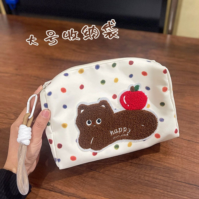 한국 귀여운 새끼 고양이 화장품 가방 자수 만화 저장 가방 여행 피델리티 가방 손 가방 쇼핑 손 가방 여성 손 가방
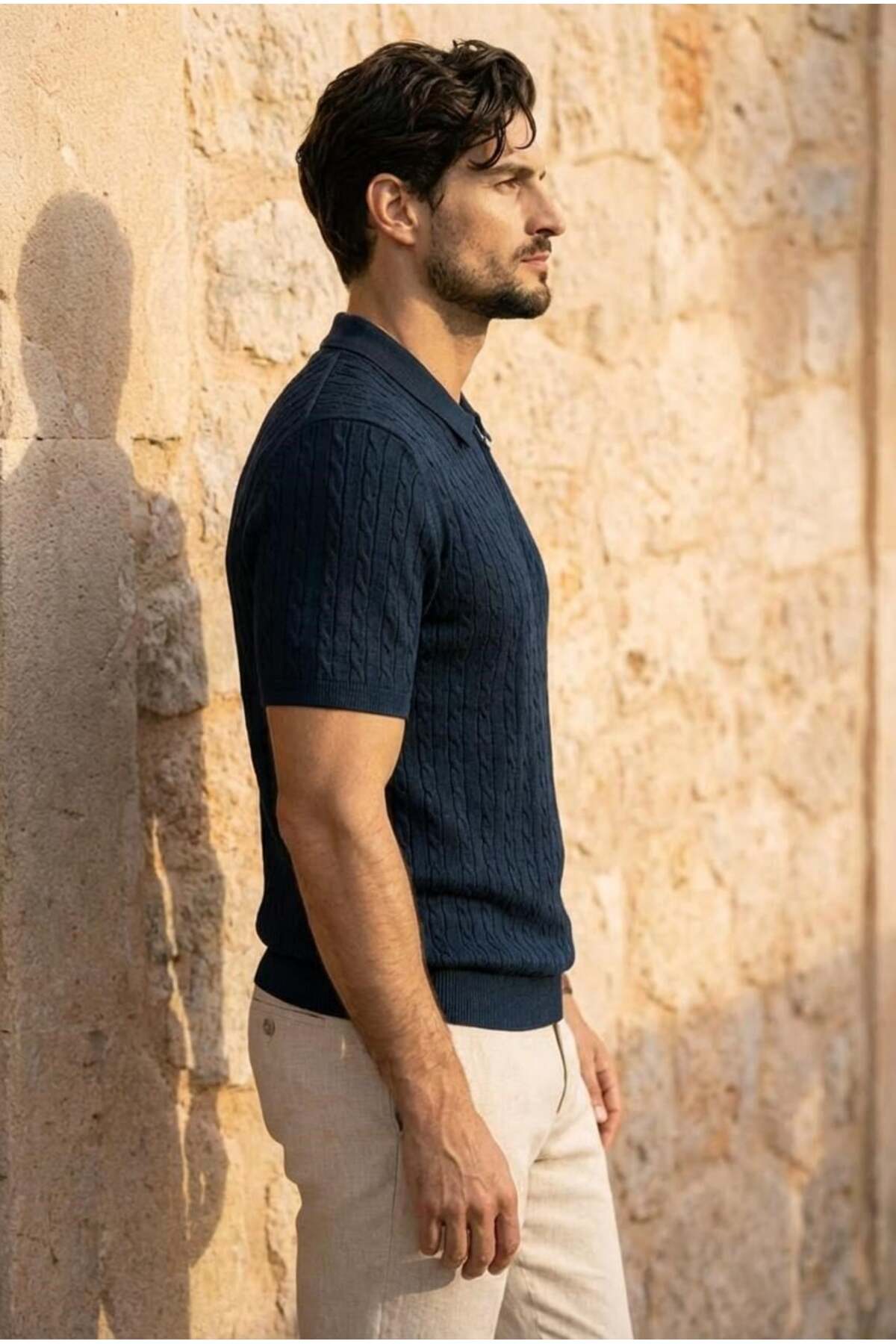 While it differs from the classic t-shirt look thanks to its fine knitwear structure with hair weave texture, its half zippered collar detail gives it a modern and strong style.
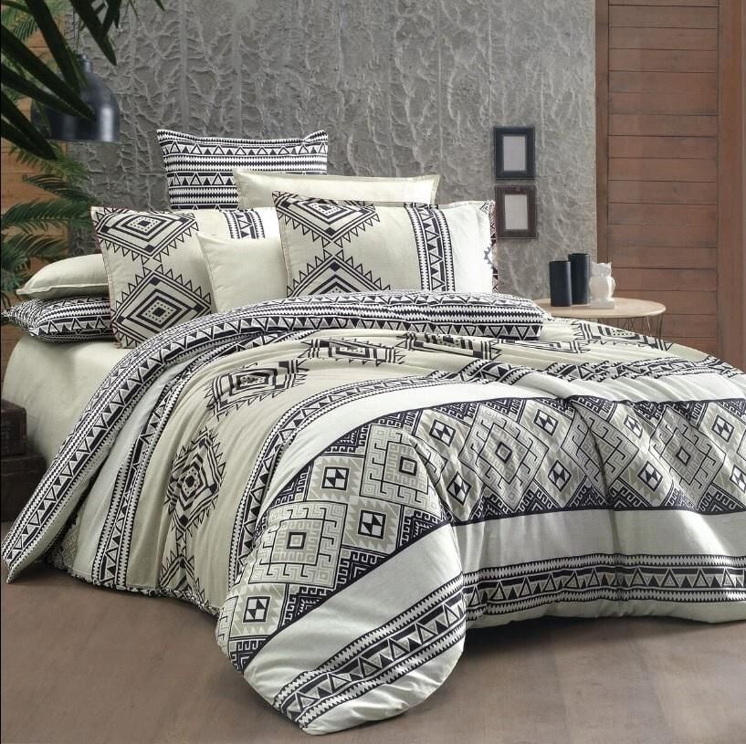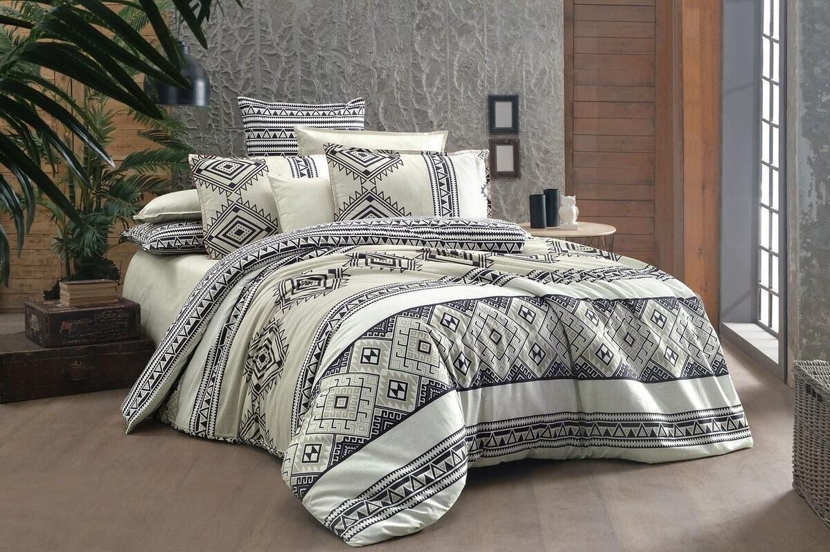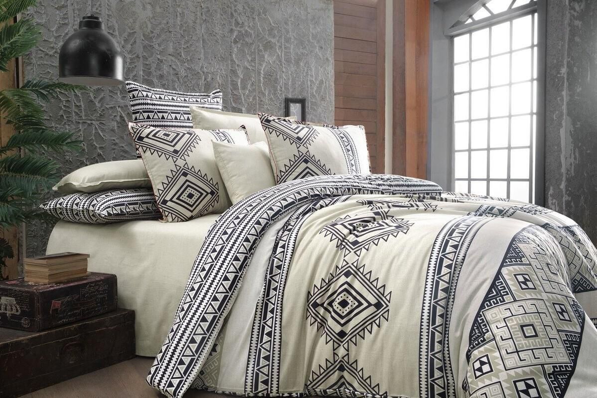 Sarev Runa Fancy Poplin Nevresim Takımı Bej Çift Kişilik

******

▶ TASK STATEMENT
First drop every picture, then print the data above exactly as it stands.

▶ OUTPUT OF THE EXERCISE
 한국 귀여운 새끼 고양이 화장품 가방 자수 만화 저장 가방 여행 피델리티 가방 손 가방 쇼핑 손 가방 여성 손 가방
 While it differs from the classic t-shirt look thanks to its fine knitwear structure with hair weave texture, its half zippered collar detail gives it a modern and strong style.
 Sarev Runa Fancy Poplin Nevresim Takımı Bej Çift Kişilik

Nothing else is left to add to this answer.